Given data below:
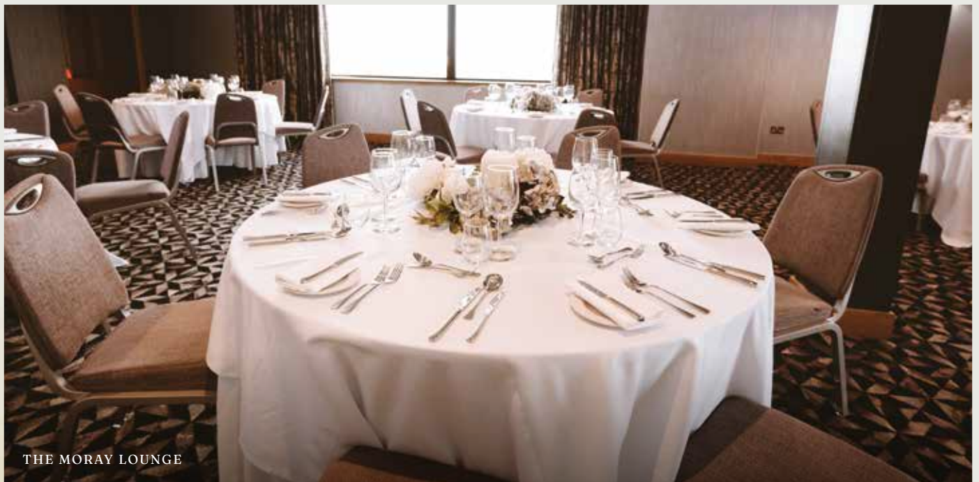
THE MORAY LOUNGE
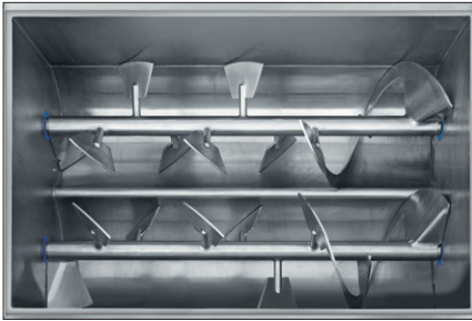
Top view: Hopper
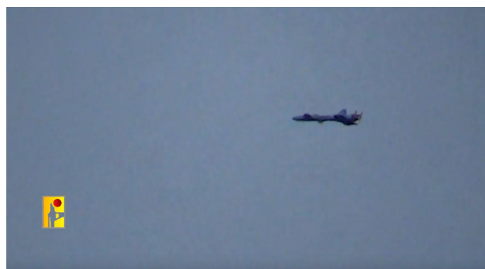
Right: Hezbollah drone in flight for an attack in the Mount Dov area. Left: A cloud of dust rising after the impact (Hezbollah's combat information Telegram channel, December 28, 2023)
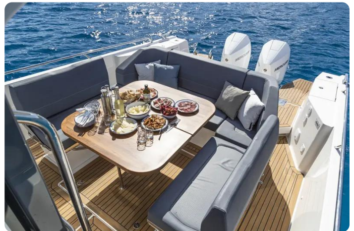
Nimbus Tender 11 (T11) Deck 5
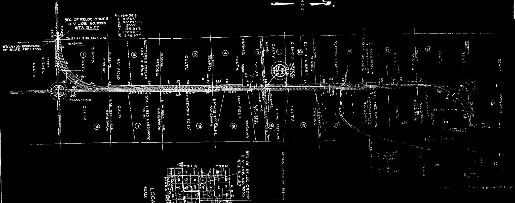
LOCATION SKETCH SCALE
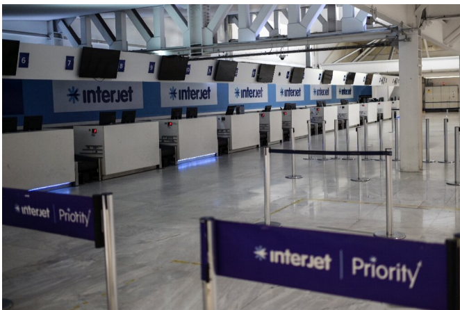
A hall at Benito Juarez International airport in Mexico City on May 20, 2020

Governments are conscious of the broader effects and Chile is considering a bailout for LATAM, seeing the airline as vital to the economy, and seeking to preserve 10,000 direct jobs as well as the livelihood of up to 200,000 people the government says are dependent on the airline indirectly.
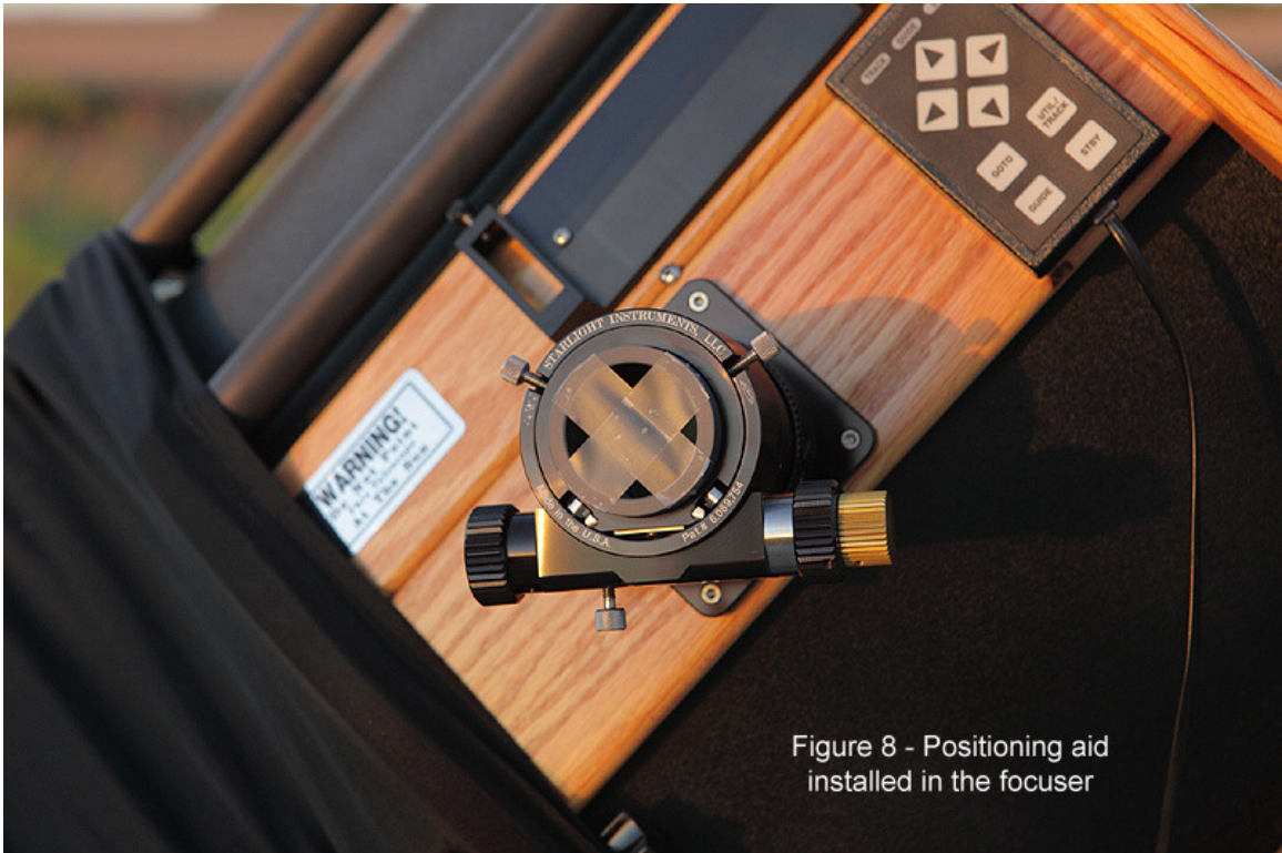
Figure 8 - Positioning aid installed in the focuser
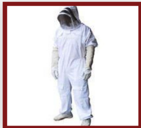
Honey Bee Suits
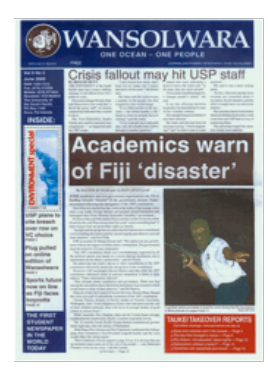
Figure 2: Front page of the controversial Wansolwara 'coup edition' which survived a university attempt to prevent its publication, June 2000.
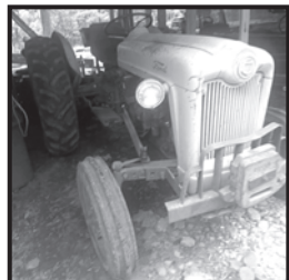
'53 FORD JUBILEE TRACTOR, runs good, good tractor. $3,500 firm. 931-266-9642
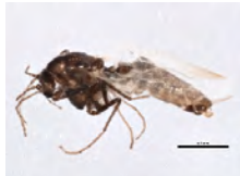
[Lateral] Chironomidae BIN URI: BOLD:ACF7513
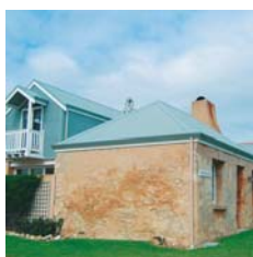
Sympathetic addition to a heritage building

The report on the "Reform of Heritage Related Statutory Provisions" revealed that the existing planning system in SA is underutilised when it comes to the development assessment process relating to State Heritage Places, and substantial legislative change is unwarranted. For example, there is opportunity to create expanded lists of complying development relating to
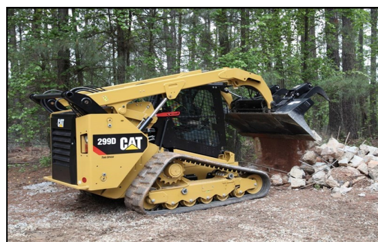
Wingfield Training Location: 11 Rosberg Road, Wingfield
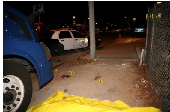
Scene of the OIS

Los Angeles County Fire Department Paramedics rendered medical treatment and pronounced Bowers dead at 9:19 p.m.
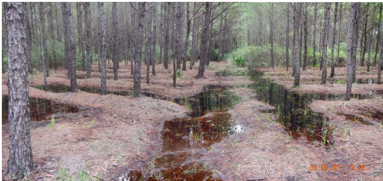
Photo 392. View of Hydric: Planted Pine Flatwoods as seen looking west from GPS location 7449 (Frames 7527-7528; 09/15/15).
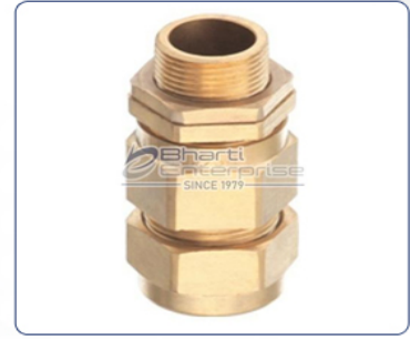
Single Compression Cable Gland
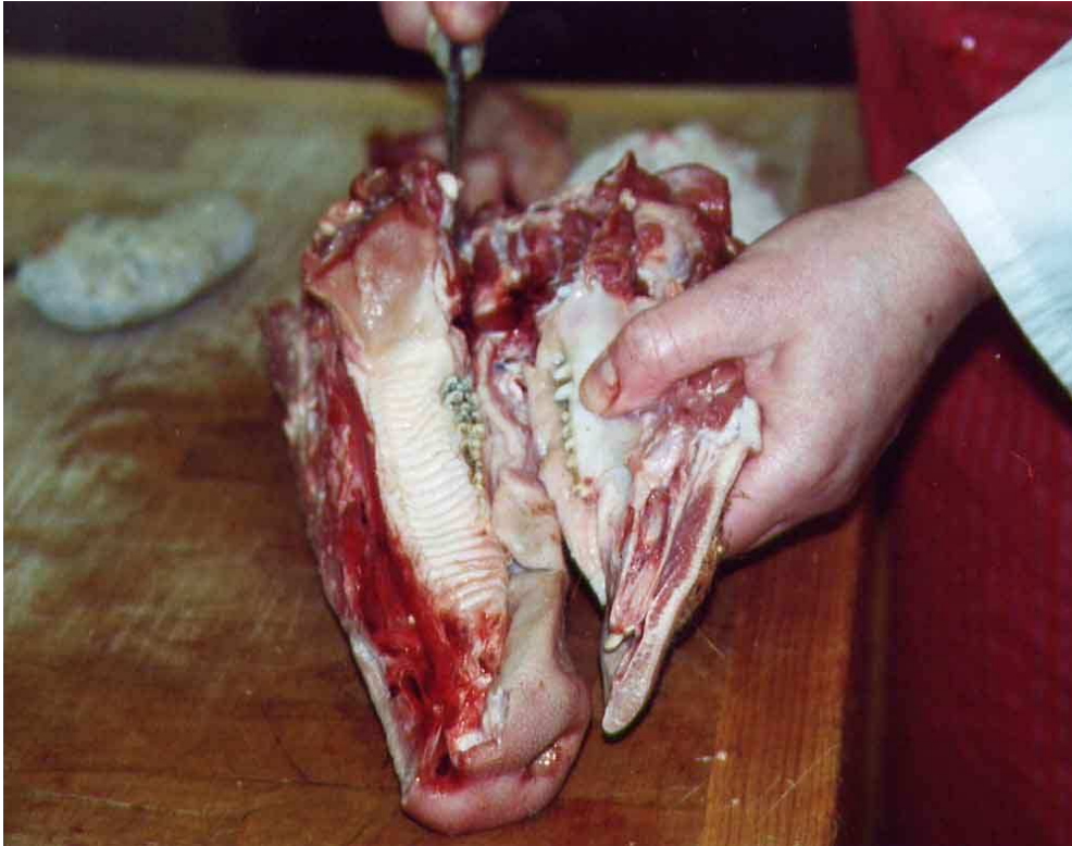
A3.7: Disarticulating the mandible from the cranium using an iron knife.
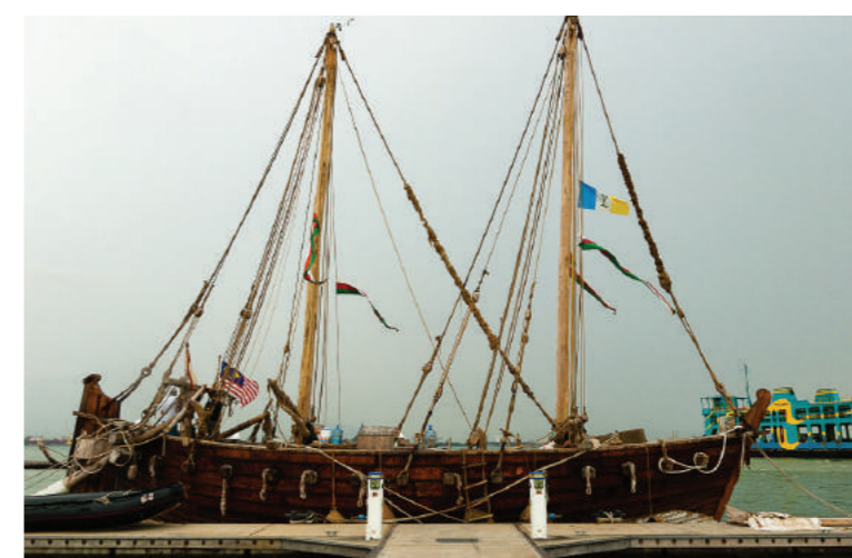
The Jewel of Muscat, a stitched boat replica based on the Belitung shipwreck.
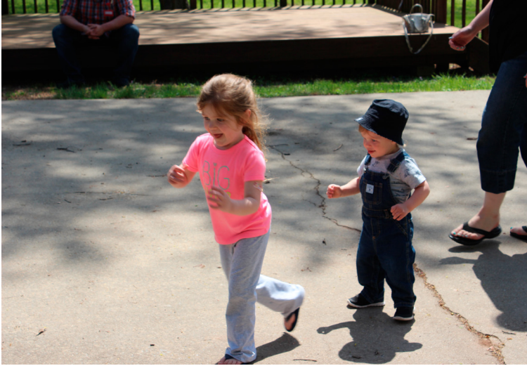
Who says our members are old?!

The General Committee of Eastern Lodges District of the Danish Brotherhood was held on April 22-24, 2016 at the Danish Home in Edison, NJ. What was once a Danish old people's home is now the Danish Archive of the North East (DANE). Again, the meeting was well attended and full of activities.
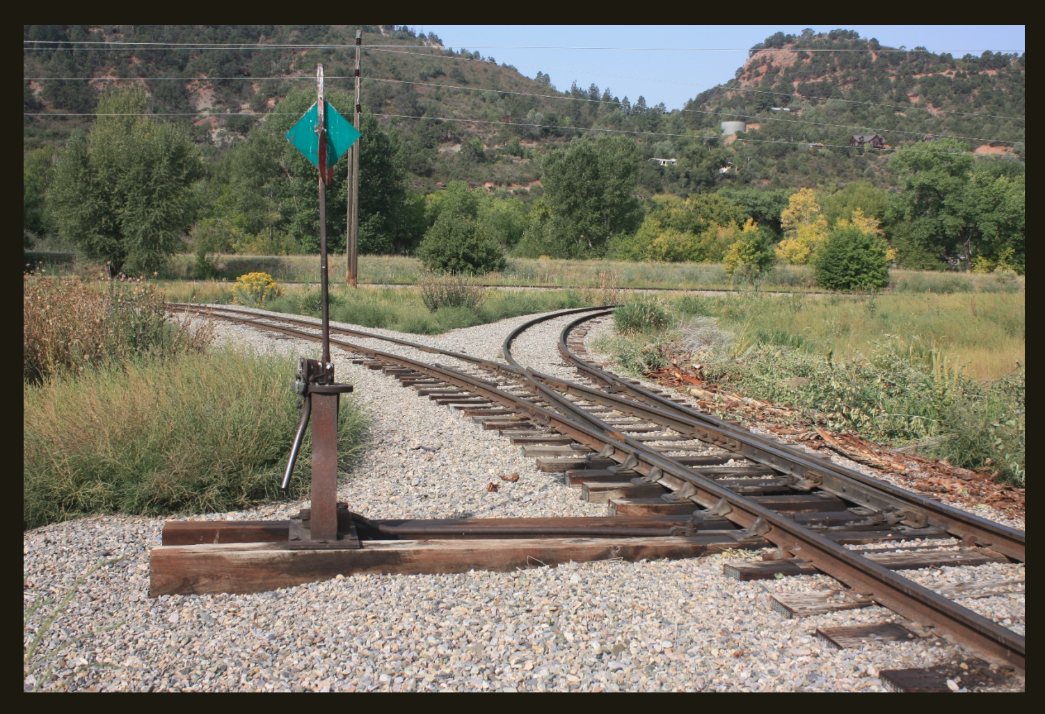
Westward view of the tip of the D&SNGRR wye. The D&RG Silverton Branch (1882n) runs across the image in the distance.
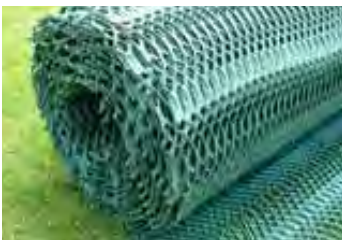
Unroll mesh onto existing grass
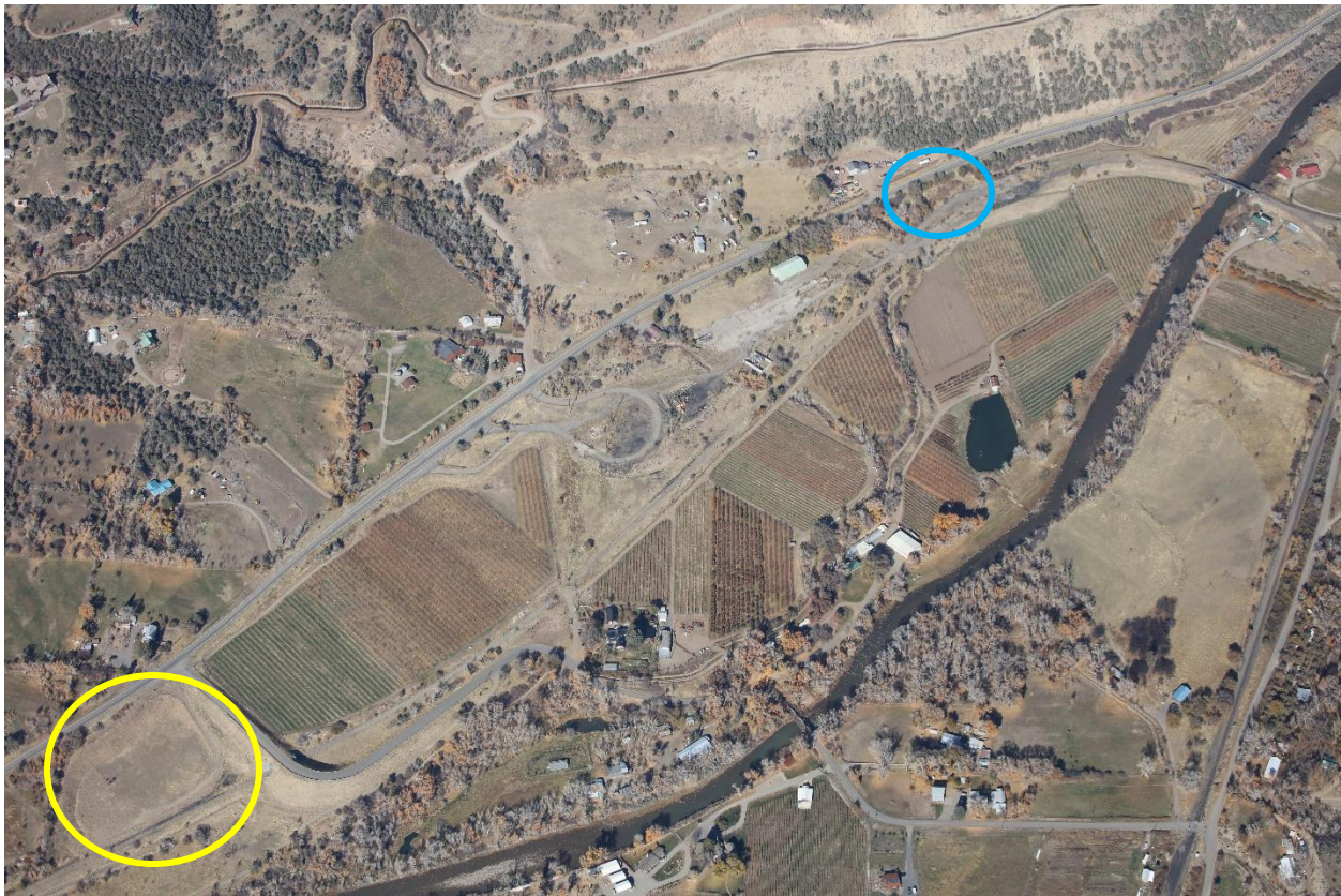
Loadout with pond (blue circle) and coal storage by highway (yellow circle)

No enforcement actions were initiated as a result of this inspection, nor are any pending.
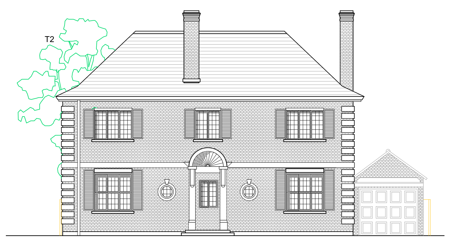
PROPOSED FRONT ELEVATION - NO CHANGES
End of Given data.
- **Try it**
Exactly the lines from the one holding "The General Committee" through the last line of the entries must be set down, with nothing added and no pictures.

- **Solution**
The General Committee of Eastern Lodges District of the Danish Brotherhood was held on April 22-24, 2016 at the Danish Home in Edison, NJ. What was once a Danish old people's home is now the Danish Archive of the North East (DANE). Again, the meeting was well attended and full of activities.
Westward view of the tip of the D&SNGRR wye. The D&RG Silverton Branch (1882n) runs across the image in the distance.
Unroll mesh onto existing grass
Loadout with pond (blue circle) and coal storage by highway (yellow circle)

No enforcement actions were initiated as a result of this inspection, nor are any pending.
PROPOSED FRONT ELEVATION - NO CHANGES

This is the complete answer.